Today, philosophers are challenged to conceive what a life without cultural identity might be like. And they are challenged to fight for ideas of justice and liberty. Napoleon said that there are two powers in the world: the sabre and the intellect. He was convinced that the intellect will defeat the sabre in the end.

Philosophers are not so much responsible for traditions, but for the ideas which exist in the minds of men. We are called to take care of implanting ideas which guide men towards a life in dignity and liberty. These ideas exist in various cultural interpretations. We have no time to loose.

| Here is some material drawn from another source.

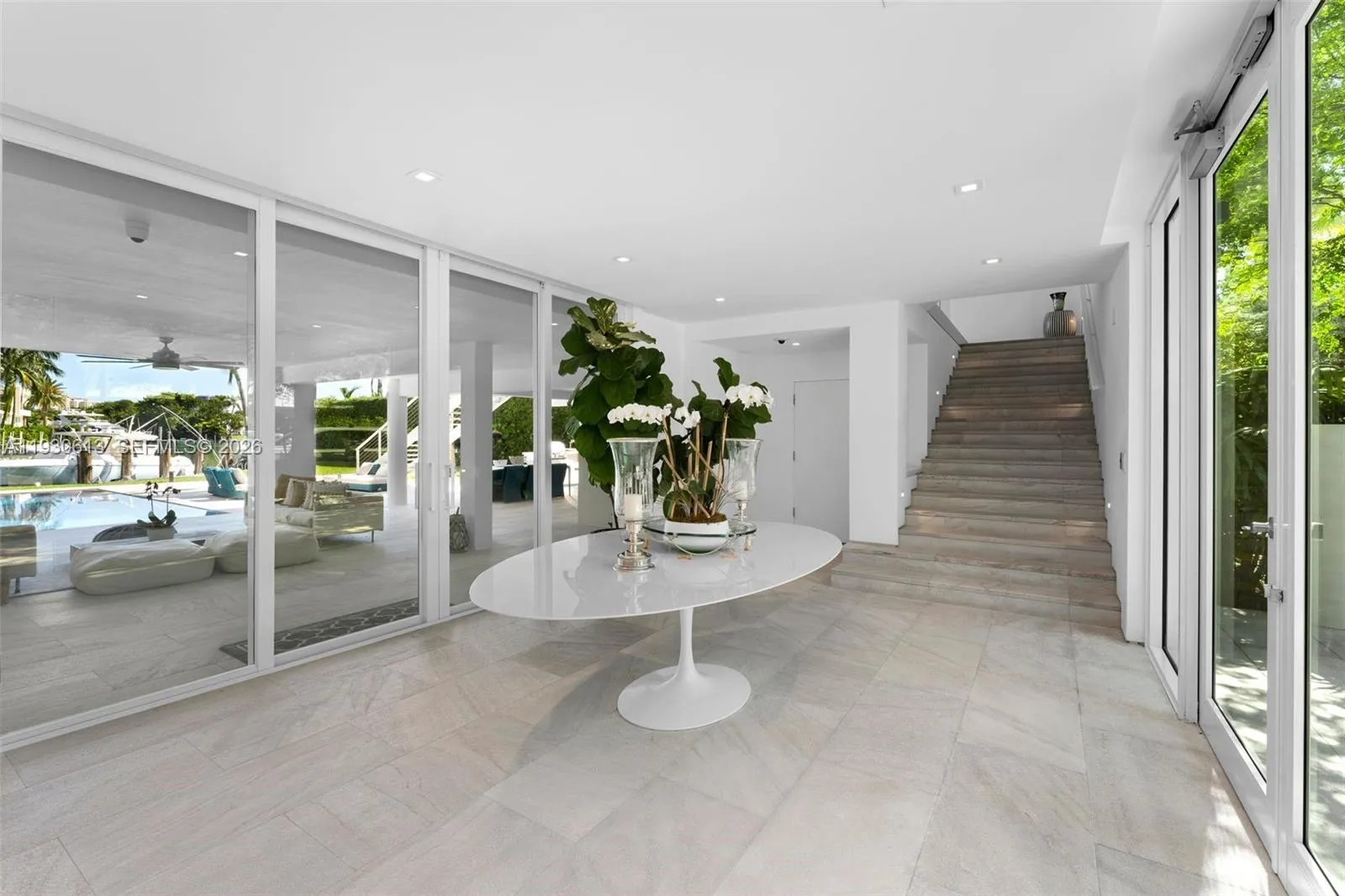 Offering approximately 8,500 square feet of construction, this spectacular waterfront estate on coveted Mashta Island is a rare expression of space, privacy, and coastal elegance. Fully remodeled and designed for effortless indoor-outdoor living, this three-level contemporary residence enjoys direct ocean access, panoramic views of Smugglers Cove and Biscayne Bay, and constant ocean breezes that create a true sense of serenity.rnSet on a 17,012-square-foot lot in one of Key Biscayne’s most exclusive and tranquil enclaves, the property is surrounded by water, light, and lush tropical landscaping, offering remarkable privacy and a peaceful island atmosphere. The residence features 8,544 square feet of total area, including garage and terraces, with expansive open living spaces, refined finishes, abundant natural light, and impeccable craftsmanship throughout. The flexible floor plan allows for effortless reconfiguration to accommodate additional rooms and customized living areas. World-class amenities include a private dock for boating enthusiasts, resort-style pool, summer kitchen, spectacular covered entertainment level, elevator, gym, garage, and extra parking, creating an exceptional setting for both grand entertaining and everyday enjoyment. This is more than a home…it is a private waterfront sanctuary, offering the rare opportunity to experience the very best of island living in one of Key Biscayne’s most prestigious locations.

                    I think that the solution of the African crisis depends neither on economic aid nor on a return to the sources of traditions or to African cultural identity, but on institutions of general public instruction and on the dissemination of enlightenment which assures stable political conditions of liberty and equality. I don’t think that enlightenment is sufficiently disseminated in Europe or that it is an integral part of the European culture. I think we must distinguish between the contents of European enlightenment and enlightenment as a form of facing or contesting inequalities. Structuralism emphasized that social life is based everywhere on an equality of exchanged gifts, whatever these gifts might be: women, animals, goods. The notion of equality, present in all cultures, is the germ of enlightenment. As you know, justice has always been defined as a form of equality.

                        In Europe like everywhere else enlightenment is an explosive potential, regarding cultures which are systems of exploitation and oppression of man. For those who profit from the established order, enlightenment always seems an alien element to culture. We do not know well enough, what enlightenment in the context of the African culture will be and can be. Philosophers can help to bring forth this knowledge.                            

Notes



1 I am refering to the German translation: Philosophie der Bantu. Heidelberg 1956.

 

2 An Essay on African Philosophical Thought. Cambridge 1987.